▶ TASK DIRECTIONS
Output the listing verbatim, leaving out every picture.

▶ SOURCE RECORDS
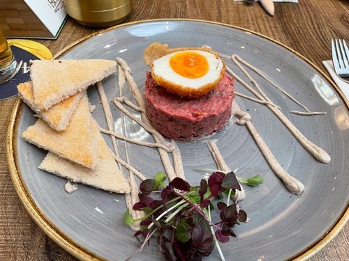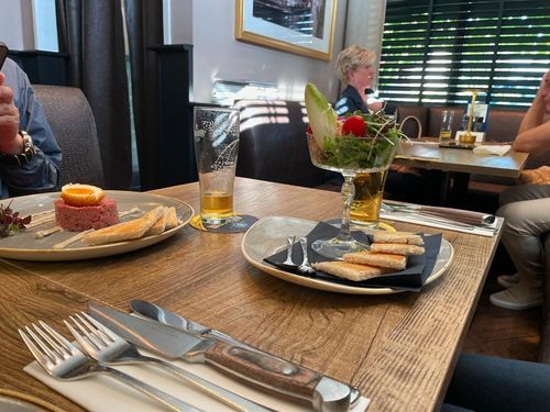 ホテルのレストランで、美味しいビールと美味しい料理でリラックスタイムです。
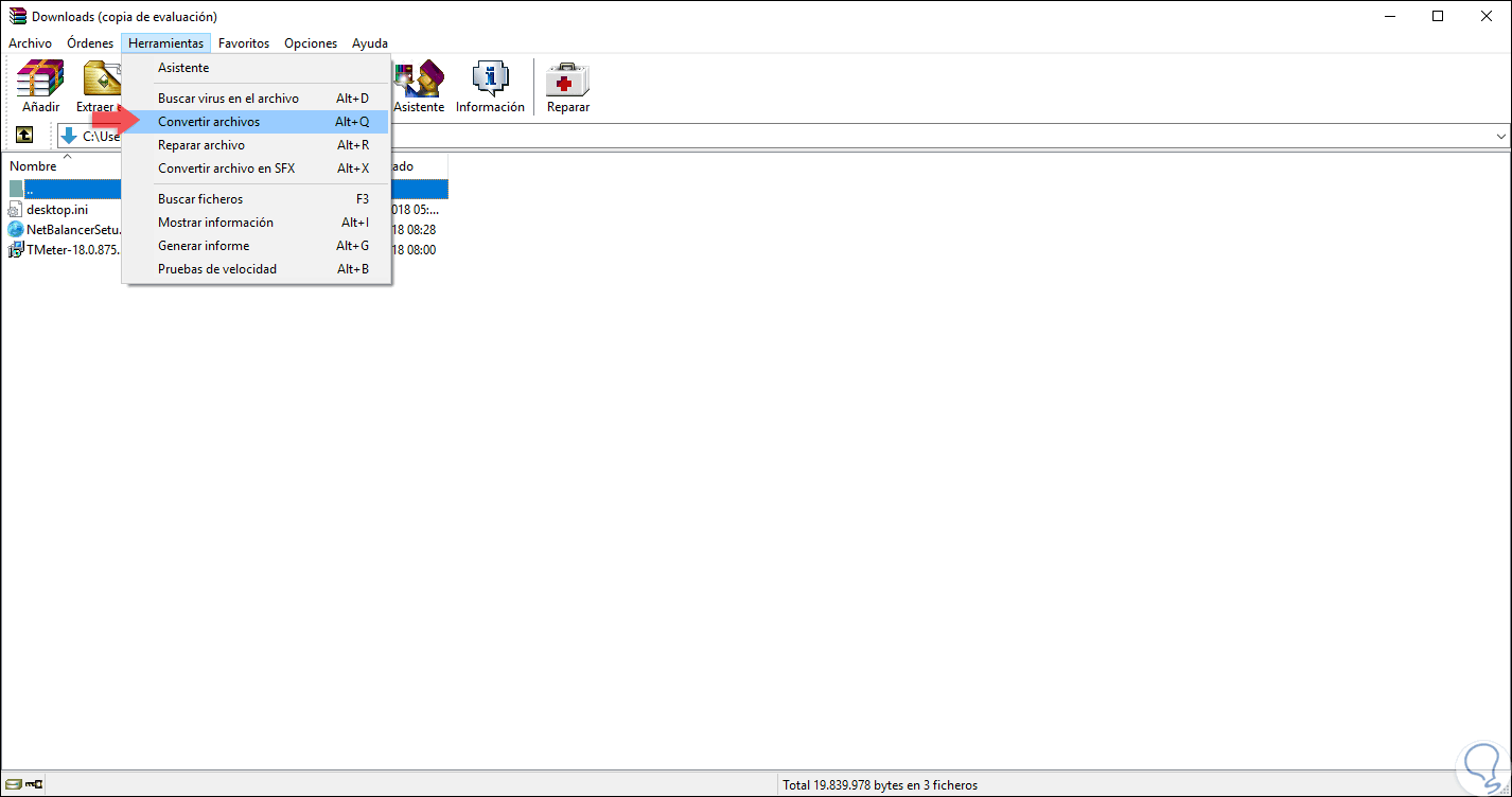 Pulsamos en Aceptar para aplicar los cambios. En caso de que deseemos añadir una contraseña a un archivo ya comprimido, debemos abrir la utilidad WinRAR e ir al menú “Herramientas” y allí seleccionar la opción “Convertir archivos” o bien usar las teclas siguientes:
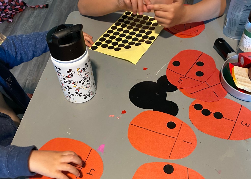 –Ladybug rock painting: First we went outside and I had my littles find some smooth, rounded rocks. Then they painted them red. When they were dry, I decorated my toddler’s rock to look like a ladybug using a black sharpie (my preschooler did his himself) and I decoupaged them so the paint would stay put. You can have your little hide the rocks in a park for someone to find- or they can keep them (or hide them in the house, which is what my littles chose to do! LoL)
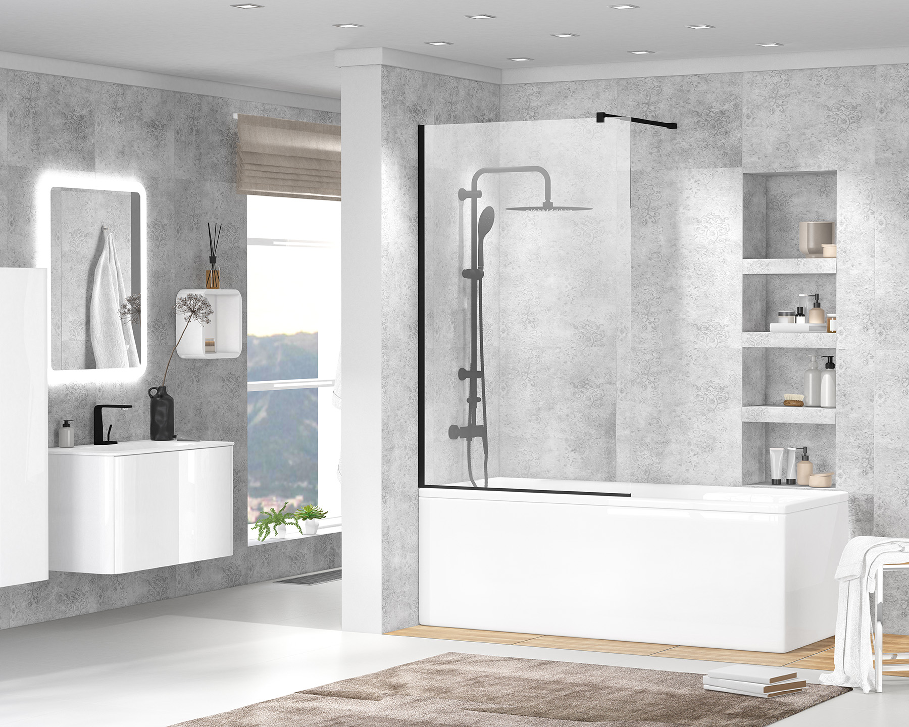 Душевая шторка для ванны Cezares Liberta 90x155 стекло прозрачное, профиль черный (LIBERTA-V-1-90/155-C-NERO)
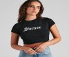 Flaunt your bad girl status in this graphic crop top for Halloween fun! It features a crew neck, cap sleeves, and a front script that reads, "Sinner" along the fitted bodice on cotton fabric. Complete the look in new
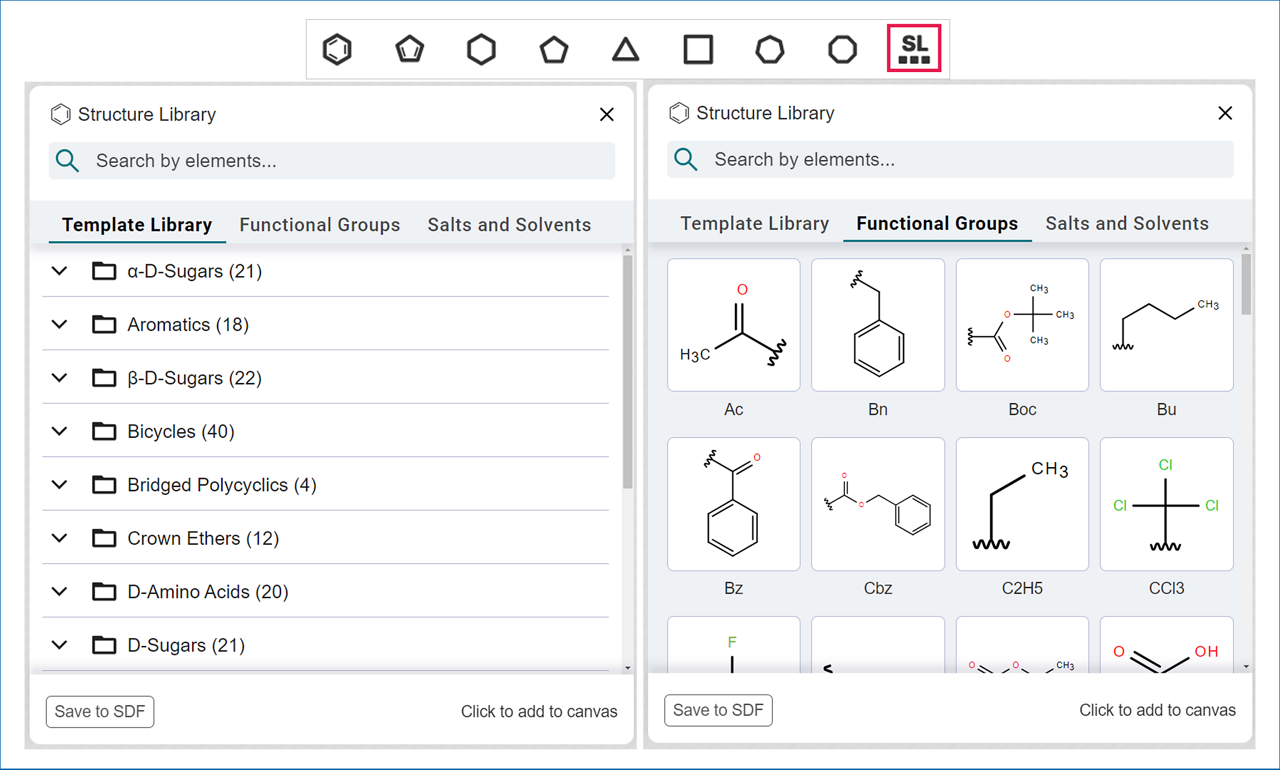 - Structure Library: Use the Structure Library icon on the right side of the bottom bar to access:
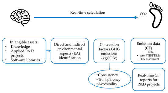 The identification and calculation of intangible assets are difficult and fuzzy in different disciplines such as intellectual capital, research performance, and also the carbon footprint since it is required to convert intangible (knowledge) into tangible indicators [6,7]. This research project contributes to identify environmental aspects related to technological research in intangible assets, which are used to measure the environmental dimension of sustainable development. Thus, the center measures greenhouse gas (GHG) emissions of every aspect identified, the sum of which gives its carbon footprint (CF) based on intangible assets. Toward optimum performance, the center controls and continuously improves its daily activities on a voluntary basis under international standard certifications for quality management [8], R&D management [9], and environmental management [10]. In addition, specific training actions are implemented for different levels of responsibility, as, paraphrasing E. Sidiropoulos [11], sustainability is considered a “learning journey”. In addition to the actions described above, the center considers it necessary to boost awareness of environmental impacts when dealing with intangible assets, as the ability to perceive, feel, or be conscious of environmental issues has a positive and significant influence on environmental behaviors [12].
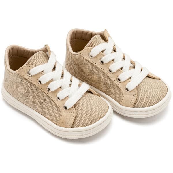 Υφασμάτινα δετά σνίκερ από ύφασμα και δέρμα, σε μπεζ χρώμα.
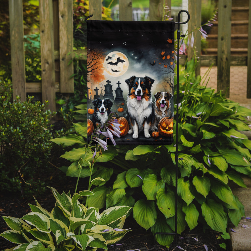 Decorate your space with our Halloween Australian Shepherd artwork on a Garden Flag. Enhance the beauty of your garden, patio, or yard with Caroline's Treasures Decorative Garden Flag, proudly made in the USA. Crafted from two pieces of thick, double-sided polyester fabric, this 2-ply garden flag is designed to withstand various weather conditions, making it water-resistant and weatherproof. Featuring correctly readable words on both sides, this garden flag offers a delightful visual experience from any angle. With its heavier weight, it stands out among other garden flags, ensuring stability and durability even in wind, rain, and snow. Measuring approximately 11 1/4 inches by 15 1/2 inches, this flag allows you to personalize your outdoor decor. It comes with a 1 1/2-inch sleeve sewn in, allowing easy attachment to any standard garden flag stand or garden size porch hanger (sold separately). Make a statement in your outdoor space with Caroline's Treasures Decorative Garden Flag, a vibrant and high-quality flag that adds color and personality to your surroundings. Proudly made in the USA, it's a symbol of quality craftsmanship and attention to detail.

▶ COMPLETED TASK
 ホテルのレストランで、美味しいビールと美味しい料理でリラックスタイムです。
 Pulsamos en Aceptar para aplicar los cambios. En caso de que deseemos añadir una contraseña a un archivo ya comprimido, debemos abrir la utilidad WinRAR e ir al menú “Herramientas” y allí seleccionar la opción “Convertir archivos” o bien usar las teclas siguientes:
 –Ladybug rock painting: First we went outside and I had my littles find some smooth, rounded rocks. Then they painted them red. When they were dry, I decorated my toddler’s rock to look like a ladybug using a black sharpie (my preschooler did his himself) and I decoupaged them so the paint would stay put. You can have your little hide the rocks in a park for someone to find- or they can keep them (or hide them in the house, which is what my littles chose to do! LoL)
 Душевая шторка для ванны Cezares Liberta 90x155 стекло прозрачное, профиль черный (LIBERTA-V-1-90/155-C-NERO)
 Flaunt your bad girl status in this graphic crop top for Halloween fun! It features a crew neck, cap sleeves, and a front script that reads, "Sinner" along the fitted bodice on cotton fabric. Complete the look in new
 - Structure Library: Use the Structure Library icon on the right side of the bottom bar to access:
 The identification and calculation of intangible assets are difficult and fuzzy in different disciplines such as intellectual capital, research performance, and also the carbon footprint since it is required to convert intangible (knowledge) into tangible indicators [6,7]. This research project contributes to identify environmental aspects related to technological research in intangible assets, which are used to measure the environmental dimension of sustainable development. Thus, the center measures greenhouse gas (GHG) emissions of every aspect identified, the sum of which gives its carbon footprint (CF) based on intangible assets. Toward optimum performance, the center controls and continuously improves its daily activities on a voluntary basis under international standard certifications for quality management [8], R&D management [9], and environmental management [10]. In addition, specific training actions are implemented for different levels of responsibility, as, paraphrasing E. Sidiropoulos [11], sustainability is considered a “learning journey”. In addition to the actions described above, the center considers it necessary to boost awareness of environmental impacts when dealing with intangible assets, as the ability to perceive, feel, or be conscious of environmental issues has a positive and significant influence on environmental behaviors [12].
 Υφασμάτινα δετά σνίκερ από ύφασμα και δέρμα, σε μπεζ χρώμα.
 Decorate your space with our Halloween Australian Shepherd artwork on a Garden Flag. Enhance the beauty of your garden, patio, or yard with Caroline's Treasures Decorative Garden Flag, proudly made in the USA. Crafted from two pieces of thick, double-sided polyester fabric, this 2-ply garden flag is designed to withstand various weather conditions, making it water-resistant and weatherproof. Featuring correctly readable words on both sides, this garden flag offers a delightful visual experience from any angle. With its heavier weight, it stands out among other garden flags, ensuring stability and durability even in wind, rain, and snow. Measuring approximately 11 1/4 inches by 15 1/2 inches, this flag allows you to personalize your outdoor decor. It comes with a 1 1/2-inch sleeve sewn in, allowing easy attachment to any standard garden flag stand or garden size porch hanger (sold separately). Make a statement in your outdoor space with Caroline's Treasures Decorative Garden Flag, a vibrant and high-quality flag that adds color and personality to your surroundings. Proudly made in the USA, it's a symbol of quality craftsmanship and attention to detail.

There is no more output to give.